What to work on:
Pictures must not be copied, but every entry must be reproduced exactly.
[Provided entries — start]
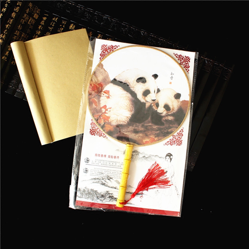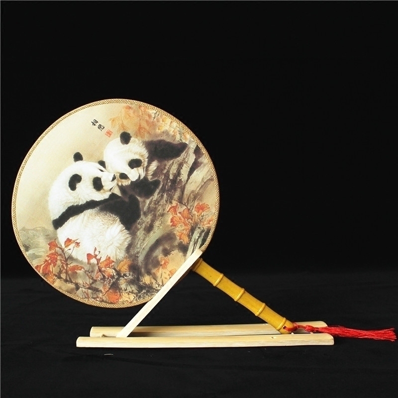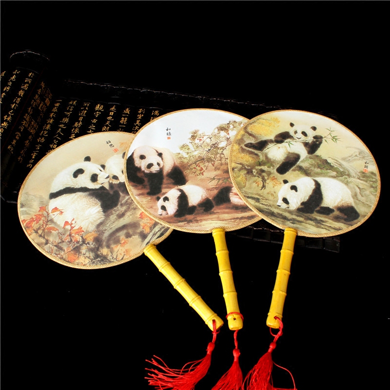 Giant Panda Original Bamboo Handmade Group Fan Round Fan Printed Fan Sends Foreign Friends Gift Items Round fan Sichuan souvenirs
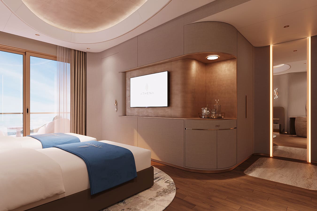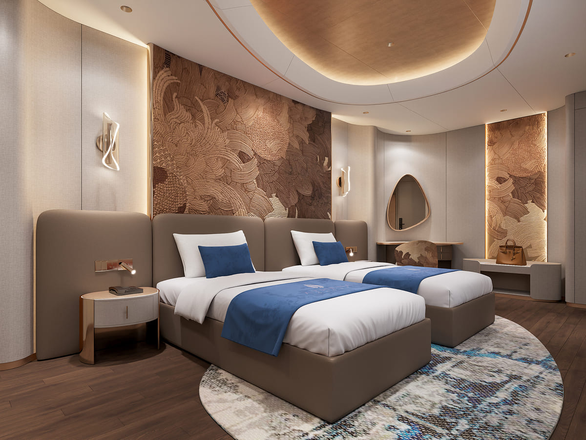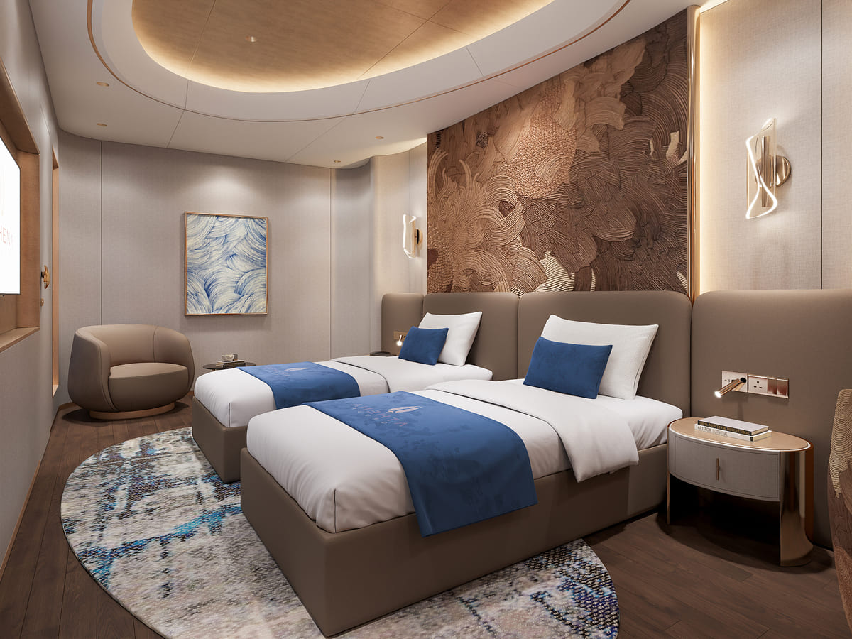Beyond its luxurious accommodations, Athena Premium offers a world-class range of onboard amenities, delivering a truly multi-sensory journey. Guests can enjoy fine-dining restaurants, a stylish bar, a four-season swimming pool, a 3D golf simulator, onsen mineral baths, yoga and meditation spaces, sauna, and a sky observation lounge—ensuring every moment onboard is both relaxing and enriching.
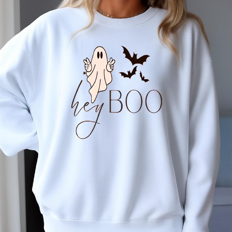 Hey Boo Halloween Shirt, Ghost Tee, Funny Fall Shirt, Spooky Season Tshirt, Shirts For Women, Ghouls, Costume, Cute Sweatshirt
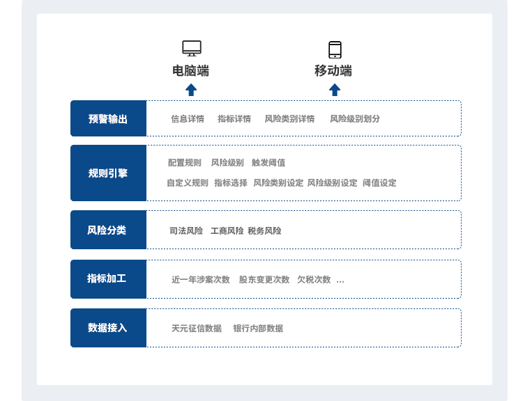 以各地方政府征信数据指标为基础,融合金融组织内外部数据建立预警指标,建立精准科学的贷后预警引擎,覆盖金融组织的企业客户的贷后全程风险监测与贷后管理工作
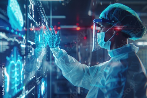 Medical worker embraces AI and deep learning for future health.
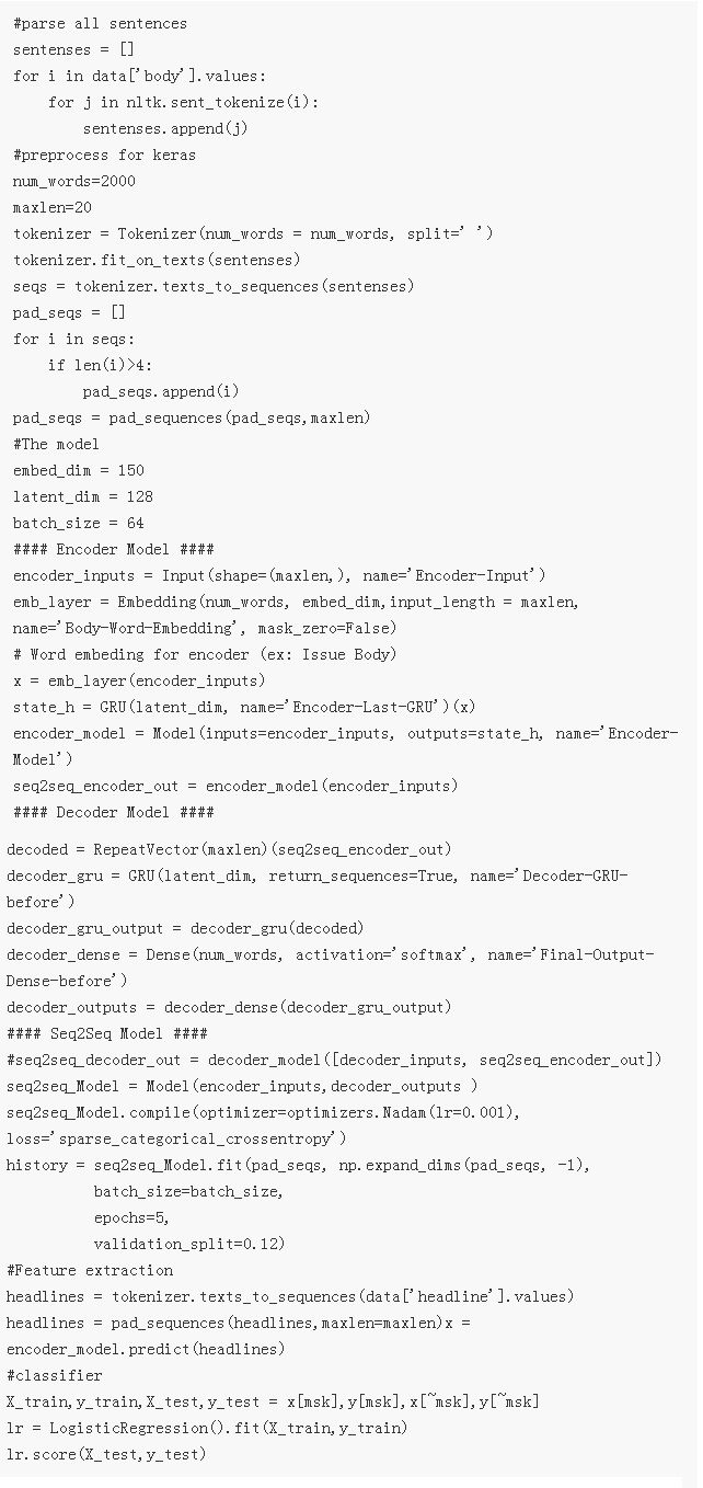 我们的自编码器是一个简单的序列到序列结构,由一个输入层、一个嵌入层、一个 LSTM 层,以及一个 softmax 层组成。整个结构的输入和输出都是标题,我们将使用 LSTM 的输出来表征标题。在得到自编码器的表征之后,我们将使用 logistics 回归来预测类别。为了得到更多的数据,我们会使用文章中所有句子来训练自编码器,而不是仅仅使用文章标题。
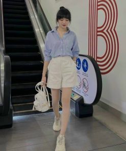 Với những cô nàng yêu thích sự năng động , trẻ trung thì set áo sơ mi sọc mix short kaki trắng đang được ưa chuộng trên thị trường hiện nay . Đây là cách mix mang đến sự nhẹ nhàng , thoải mái và đặc biệt rất cá tính.
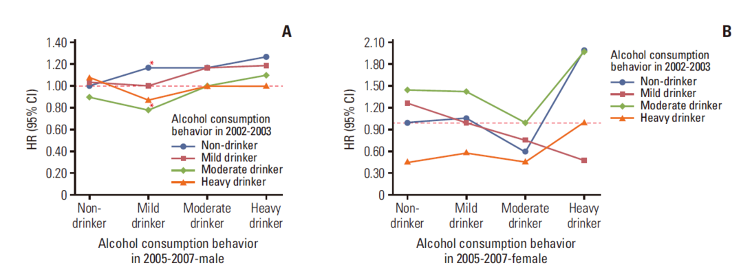 남성은 금주-절주-유지-증가에 따라 위암 위험이 순차적으로 증가하며 일관적 결과를 보인다.
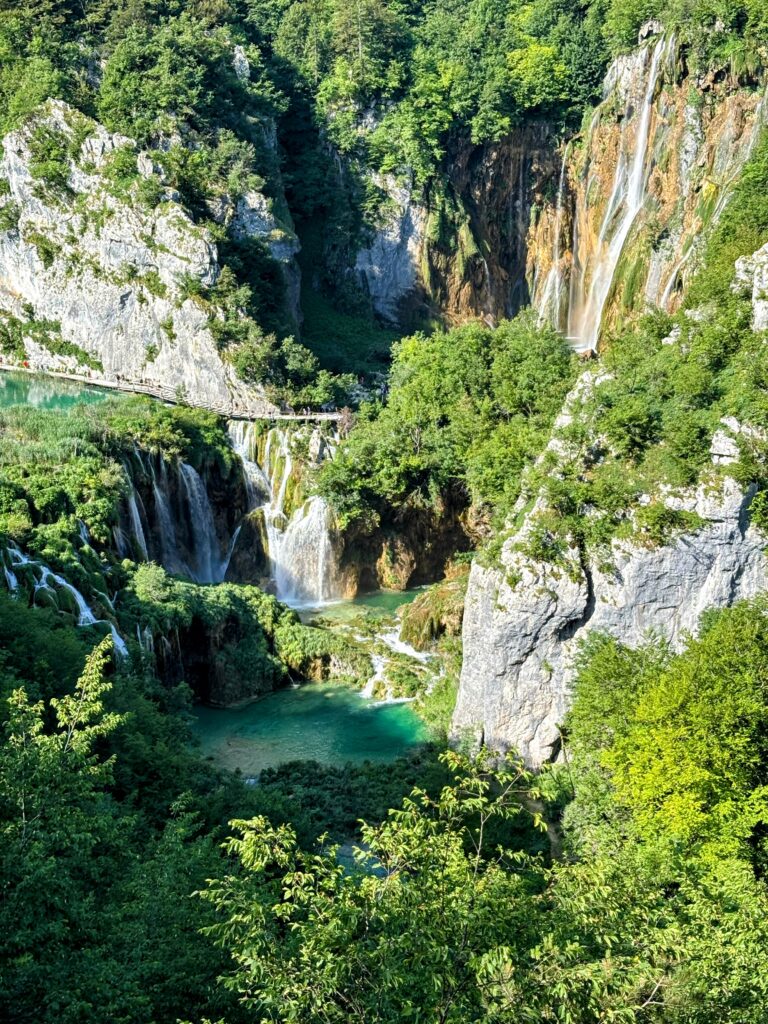幻想的なラストケ村を後にし、いよいよ旅のハイライト、プリトヴィツェ湖群国立公園へ。エメラルドグリーンやターコイズブルーに輝く16の湖と、それらを繋ぐ無数の滝が織りなす絶景は、まさに絵画のよう。現実離れしたその美しさに、ただただ息をのみました。
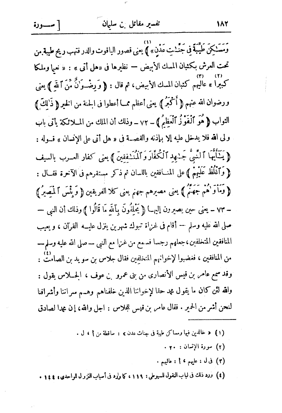 (4) ورد ذلك فى لباب النقول للسيوطي: 119، كما ورد فى أسباب النزول للواحدي: 144.
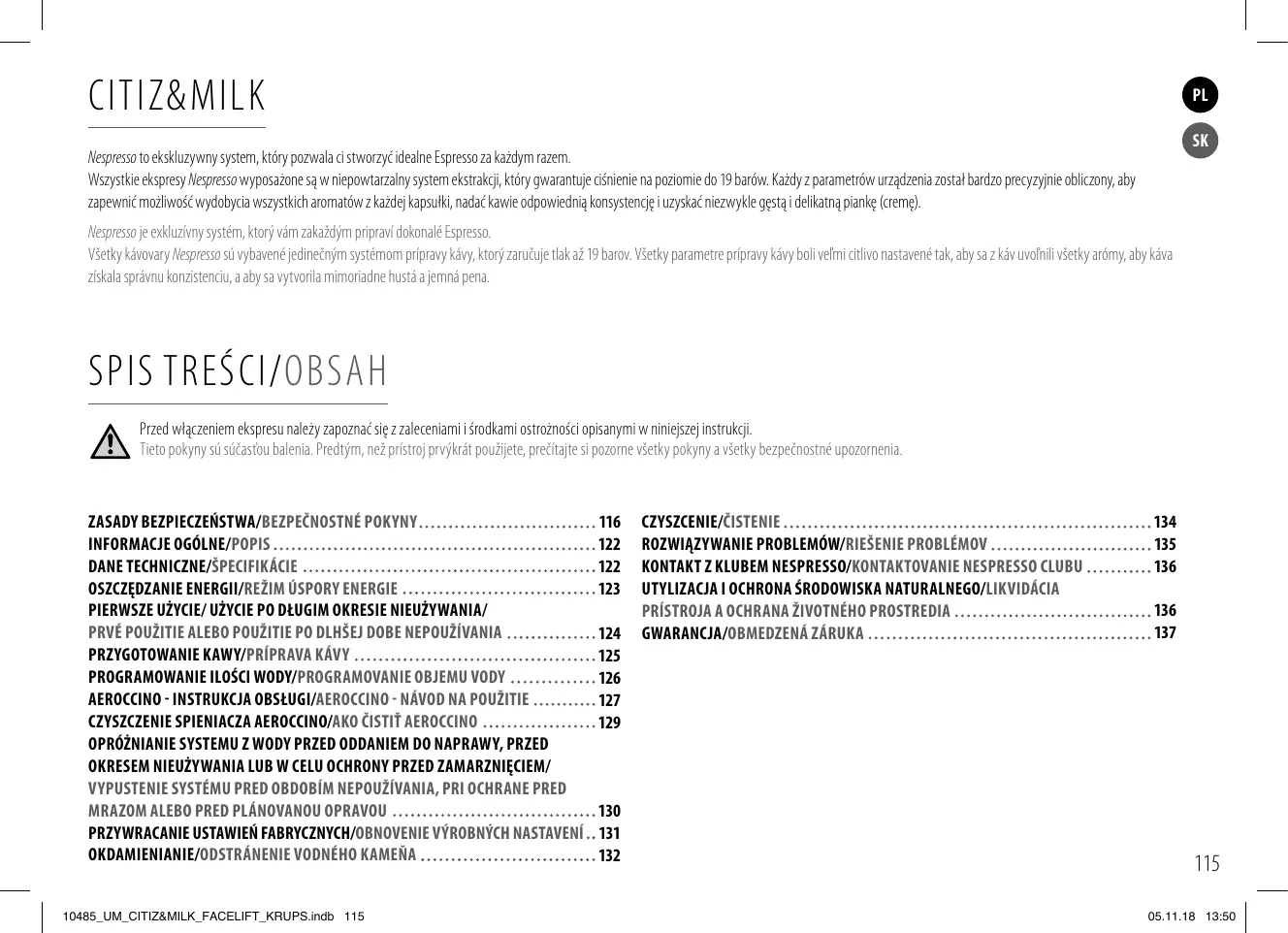 ZASADY BEZPIECZEŃSTWA/BEZPEČNOSTNÉ POKYNY INFORMACJE OGÓLNE/POPIS DANE TECHNICZNE/ŠPECIFIKÁCIE OSZCZĘDZANIE ENERGII/REŽIM ÚSPORY ENERGIE PIERWSZE UŻYCIE/ UŻYCIE PO DŁUGIM OKRESIE NIEUŻYWANIA/ PRVÉ POUŽITIE ALEBO POUŽITIE PO DLHŠEJ DOBE NEPOUŽÍVANIA PRZYGOTOWANIE KAWY/PRÍPRAVA KÁVY PROGRAMOWANIE ILOŚCI WODY/PROGRAMOVANIE OBJEMU VODY AEROCCINO - INSTRUKCJA OBSŁUGI/AEROCCINO - NÁVOD NA POUŽITIE CZYSZCZENIE SPIENIACZA AEROCCINO/AKO ČISTIŤ AEROCCINO OPRÓŻNIANIE SYSTEMU Z WODY PRZED ODDANIEM DO NAPRAWY, PRZED OKRESEM NIEUŻYWANIA LUB W CELU OCHRONY PRZED ZAMARZNIĘCIEM/ VYPUSTENIE SYSTÉMU PRED OBDOBÍM NEPOUŽÍVANIA, PRI OCHRANE PRED MRAZOM ALEBO PRED PLÁNOVANOU OPRAVOU PRZYWRACANIE USTAWIEŃ FABRYCZNYCH/OBNOVENIE VÝROBNÝCH NASTAVENÍ OKDAMIENIANIE/ODSTRÁNENIE VODNÉHO KAMEŇA 10485_UM_CITIZ&MILK_FACELIFT_KRUPS.indb 115
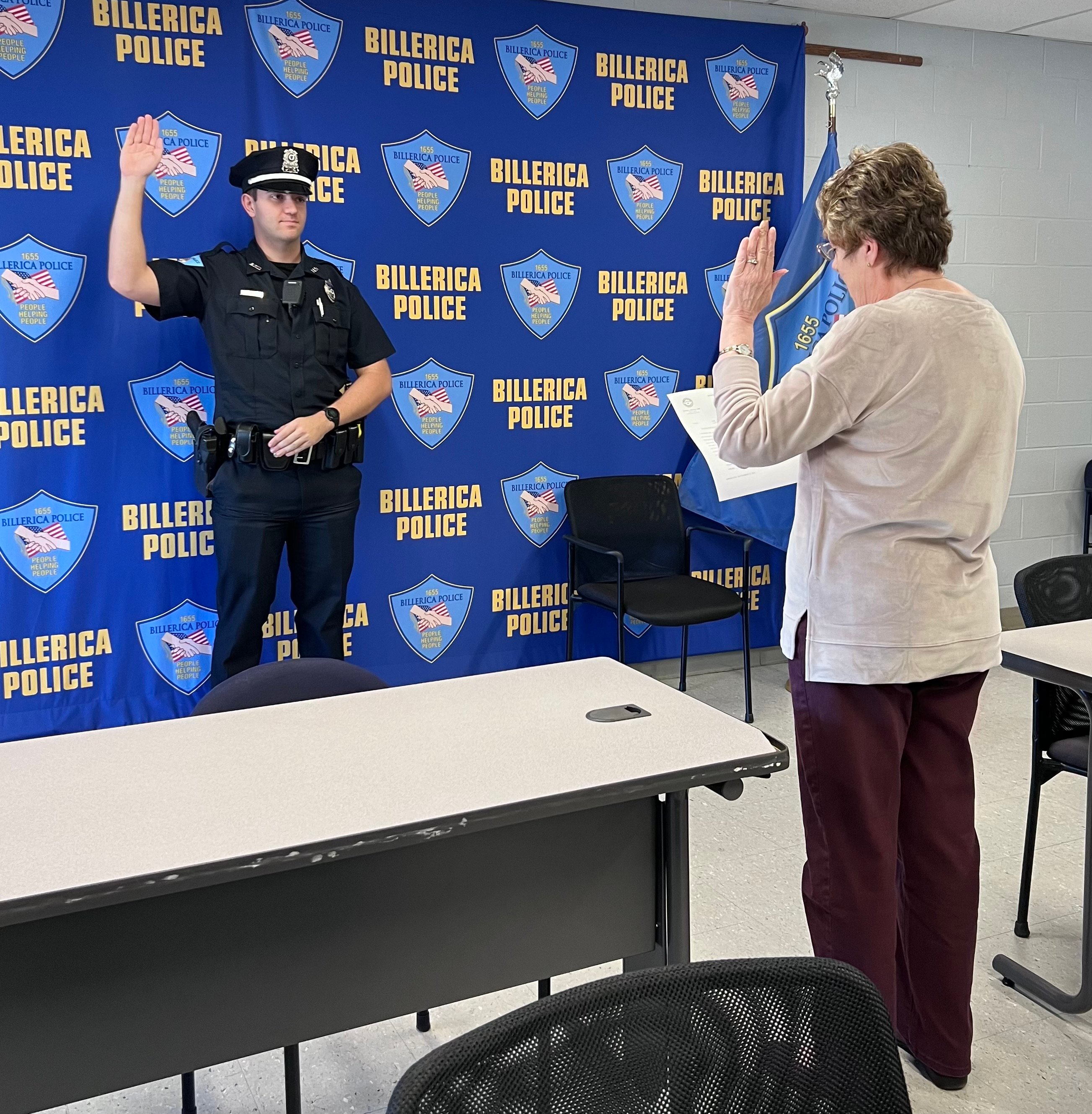 Officer Robert Lee, of Billerica, graduated from the Fitchburg State University Police Academy on Sept. 13, and was sworn in Friday by Town Clerk Donna McCoy.
[Provided entries — finish]
Answer section:
 Giant Panda Original Bamboo Handmade Group Fan Round Fan Printed Fan Sends Foreign Friends Gift Items Round fan Sichuan souvenirs
Beyond its luxurious accommodations, Athena Premium offers a world-class range of onboard amenities, delivering a truly multi-sensory journey. Guests can enjoy fine-dining restaurants, a stylish bar, a four-season swimming pool, a 3D golf simulator, onsen mineral baths, yoga and meditation spaces, sauna, and a sky observation lounge—ensuring every moment onboard is both relaxing and enriching.
 Hey Boo Halloween Shirt, Ghost Tee, Funny Fall Shirt, Spooky Season Tshirt, Shirts For Women, Ghouls, Costume, Cute Sweatshirt
 以各地方政府征信数据指标为基础,融合金融组织内外部数据建立预警指标,建立精准科学的贷后预警引擎,覆盖金融组织的企业客户的贷后全程风险监测与贷后管理工作
 Medical worker embraces AI and deep learning for future health.
 我们的自编码器是一个简单的序列到序列结构,由一个输入层、一个嵌入层、一个 LSTM 层,以及一个 softmax 层组成。整个结构的输入和输出都是标题,我们将使用 LSTM 的输出来表征标题。在得到自编码器的表征之后,我们将使用 logistics 回归来预测类别。为了得到更多的数据,我们会使用文章中所有句子来训练自编码器,而不是仅仅使用文章标题。
 Với những cô nàng yêu thích sự năng động , trẻ trung thì set áo sơ mi sọc mix short kaki trắng đang được ưa chuộng trên thị trường hiện nay . Đây là cách mix mang đến sự nhẹ nhàng , thoải mái và đặc biệt rất cá tính.
 남성은 금주-절주-유지-증가에 따라 위암 위험이 순차적으로 증가하며 일관적 결과를 보인다.
幻想的なラストケ村を後にし、いよいよ旅のハイライト、プリトヴィツェ湖群国立公園へ。エメラルドグリーンやターコイズブルーに輝く16の湖と、それらを繋ぐ無数の滝が織りなす絶景は、まさに絵画のよう。現実離れしたその美しさに、ただただ息をのみました。
 (4) ورد ذلك فى لباب النقول للسيوطي: 119، كما ورد فى أسباب النزول للواحدي: 144.
 ZASADY BEZPIECZEŃSTWA/BEZPEČNOSTNÉ POKYNY INFORMACJE OGÓLNE/POPIS DANE TECHNICZNE/ŠPECIFIKÁCIE OSZCZĘDZANIE ENERGII/REŽIM ÚSPORY ENERGIE PIERWSZE UŻYCIE/ UŻYCIE PO DŁUGIM OKRESIE NIEUŻYWANIA/ PRVÉ POUŽITIE ALEBO POUŽITIE PO DLHŠEJ DOBE NEPOUŽÍVANIA PRZYGOTOWANIE KAWY/PRÍPRAVA KÁVY PROGRAMOWANIE ILOŚCI WODY/PROGRAMOVANIE OBJEMU VODY AEROCCINO - INSTRUKCJA OBSŁUGI/AEROCCINO - NÁVOD NA POUŽITIE CZYSZCZENIE SPIENIACZA AEROCCINO/AKO ČISTIŤ AEROCCINO OPRÓŻNIANIE SYSTEMU Z WODY PRZED ODDANIEM DO NAPRAWY, PRZED OKRESEM NIEUŻYWANIA LUB W CELU OCHRONY PRZED ZAMARZNIĘCIEM/ VYPUSTENIE SYSTÉMU PRED OBDOBÍM NEPOUŽÍVANIA, PRI OCHRANE PRED MRAZOM ALEBO PRED PLÁNOVANOU OPRAVOU PRZYWRACANIE USTAWIEŃ FABRYCZNYCH/OBNOVENIE VÝROBNÝCH NASTAVENÍ OKDAMIENIANIE/ODSTRÁNENIE VODNÉHO KAMEŇA 10485_UM_CITIZ&MILK_FACELIFT_KRUPS.indb 115
 Officer Robert Lee, of Billerica, graduated from the Fitchburg State University Police Academy on Sept. 13, and was sworn in Friday by Town Clerk Donna McCoy.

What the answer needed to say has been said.